The Santa Barbara Unified School District (SBUSD) is updating its Local Hazard Mitigation Plan (HMP) from 2009 to reduce losses resulting from natural disasters. Hazard mitigation is the use of sustained long-term actions to reduce the loss of life, personal injury and property damage that can result from a disaster. This initiative ensures SBUSD remains eligible for FEMA hazard mitigation funding while strengthening the district’s resilience to natural and human-caused hazards. Covering 20 school sites and serving 15,000 students from Montecito to Goleta, the updated 2025 HMP will provide a strategic roadmap for mitigating risks associated with wildfires, flooding, and earthquakes. It will also address other natural and manmade hazards that pose a risk to SBUSD’s infrastructure, faculty, staff, and students. It involves planning efforts, policy changes, capital projects, and other activities that can mitigate the impacts of hazards to district facilities.
Protecting The Santa Barbara Unified School District (SBUSD)
This Hazard Mitigation Plan (HMP) will be designed to reduce the impacts of future natural and manmade disasters on K–12 schools and administrative facilities within the district.
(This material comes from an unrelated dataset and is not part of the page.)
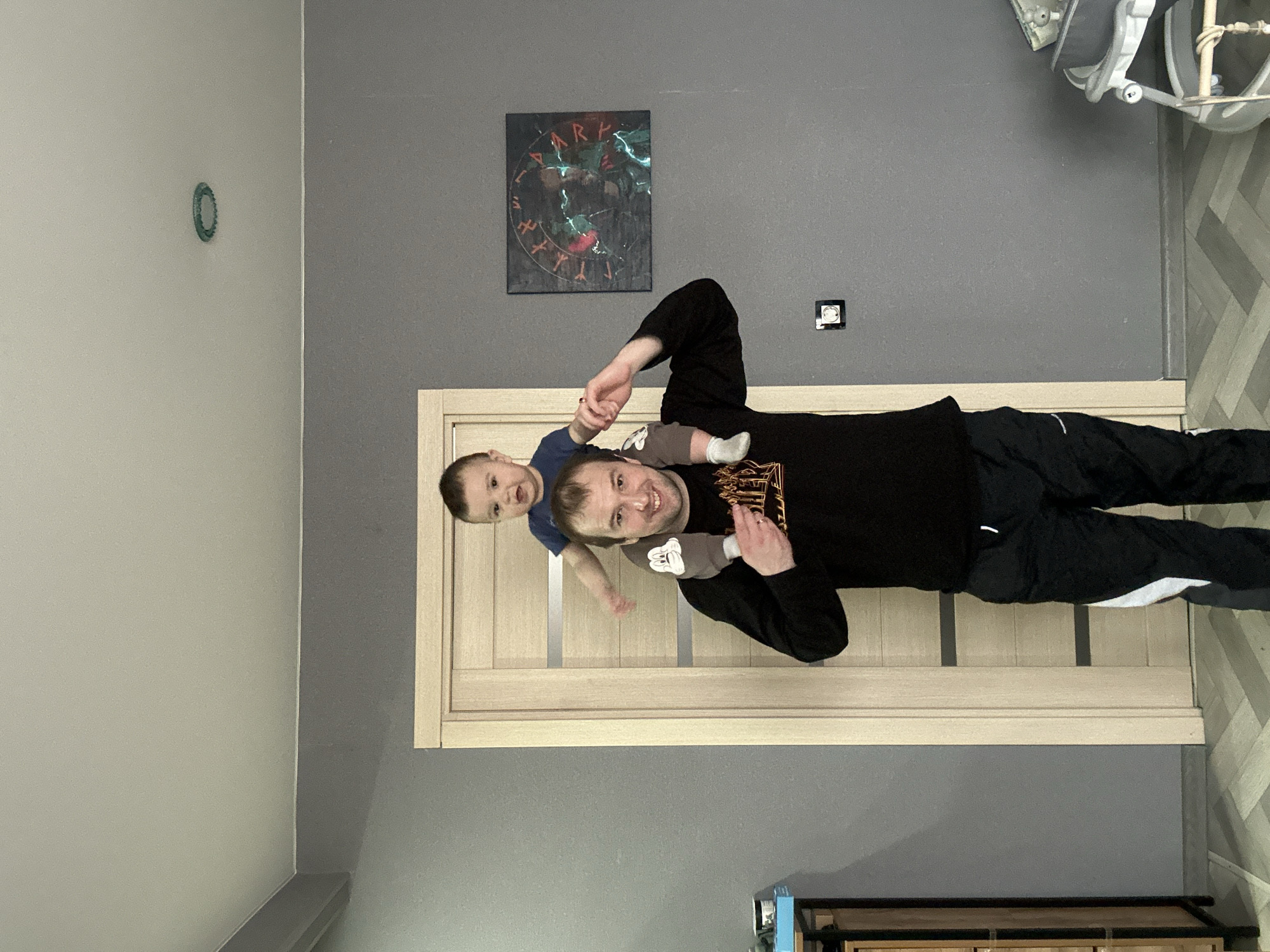 A man is lying on his back, supporting a small child on his shoulders. The man is wearing a black long-sleeved shirt and black sweatpants with white stripes. The child is wearing a blue shirt and grey pants with white socks. They appear to be holding hands. Behind them is a closed wooden door with vertical panels. On the wall above the door is a dark, square piece of artwork with the word "DARK" visible. A green, circular object hangs on the wall to the left. In the upper right corner of the image is what appears to be a white baby swing. The floor is tiled. The location is a room in a house or apartment in Chaikovsky, Russia.

While it is not possible to completely eliminate disaster risk to SBUSD schools, substantially reducing the negative impacts of future hazards is possible through the ongoing implementation of risk reduction measures, such as the forthcoming update to the HMP.
To qualify for FEMA hazard mitigation grants, school districts must maintain a FEMA-approved Local Hazard Mitigation Plan, ensuring continued eligibility for federal funding to support mitigation efforts. A Benefit-Cost Analysis of BCA of mitigation actions for priority projects will be developed. This type of analysis is required for almost all FEMA hazard mitigation grants and is also a powerful tool for evaluating and prioritizing mitigation projects regardless of the funding source.